**Task material:**
****************************************
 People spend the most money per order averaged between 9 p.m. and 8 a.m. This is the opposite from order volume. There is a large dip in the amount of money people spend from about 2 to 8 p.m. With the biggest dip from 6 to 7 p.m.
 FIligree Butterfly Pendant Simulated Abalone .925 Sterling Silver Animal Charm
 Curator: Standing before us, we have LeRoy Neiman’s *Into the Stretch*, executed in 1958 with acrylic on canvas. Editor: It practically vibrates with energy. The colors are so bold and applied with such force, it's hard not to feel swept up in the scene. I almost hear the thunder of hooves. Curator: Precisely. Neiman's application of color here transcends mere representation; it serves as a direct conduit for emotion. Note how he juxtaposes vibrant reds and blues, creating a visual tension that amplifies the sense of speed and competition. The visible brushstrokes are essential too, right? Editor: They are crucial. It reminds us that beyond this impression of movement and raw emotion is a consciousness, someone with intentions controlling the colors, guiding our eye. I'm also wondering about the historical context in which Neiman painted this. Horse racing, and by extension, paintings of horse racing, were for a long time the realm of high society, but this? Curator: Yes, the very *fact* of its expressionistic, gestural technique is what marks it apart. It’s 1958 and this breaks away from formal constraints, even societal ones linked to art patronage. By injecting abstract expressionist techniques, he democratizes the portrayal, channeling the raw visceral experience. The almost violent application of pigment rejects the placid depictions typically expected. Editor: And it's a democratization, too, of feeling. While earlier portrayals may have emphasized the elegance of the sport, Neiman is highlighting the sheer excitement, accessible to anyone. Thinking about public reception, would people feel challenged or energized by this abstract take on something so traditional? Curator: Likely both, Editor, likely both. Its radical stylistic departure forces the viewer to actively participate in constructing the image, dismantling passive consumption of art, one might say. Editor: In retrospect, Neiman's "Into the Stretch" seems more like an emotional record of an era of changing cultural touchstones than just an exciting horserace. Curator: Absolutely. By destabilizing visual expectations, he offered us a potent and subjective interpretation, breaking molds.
****************************************
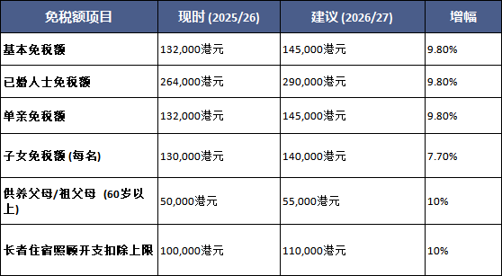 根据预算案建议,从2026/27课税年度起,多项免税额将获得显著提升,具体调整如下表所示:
****************************************
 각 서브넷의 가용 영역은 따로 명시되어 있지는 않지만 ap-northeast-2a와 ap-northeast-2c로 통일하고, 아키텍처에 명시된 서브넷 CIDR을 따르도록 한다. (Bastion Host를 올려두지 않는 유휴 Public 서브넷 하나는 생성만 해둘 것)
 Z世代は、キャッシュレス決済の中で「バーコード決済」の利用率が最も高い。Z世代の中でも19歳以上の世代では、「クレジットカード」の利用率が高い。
****************************************
**Required action:** Set down, from the entries above, exactly the lines from the one with "People spend the" up to and including the one with "FIligree Butterfly Pendant", and no other lines.

**Response area:**
 People spend the most money per order averaged between 9 p.m. and 8 a.m. This is the opposite from order volume. There is a large dip in the amount of money people spend from about 2 to 8 p.m. With the biggest dip from 6 to 7 p.m.
 FIligree Butterfly Pendant Simulated Abalone .925 Sterling Silver Animal Charm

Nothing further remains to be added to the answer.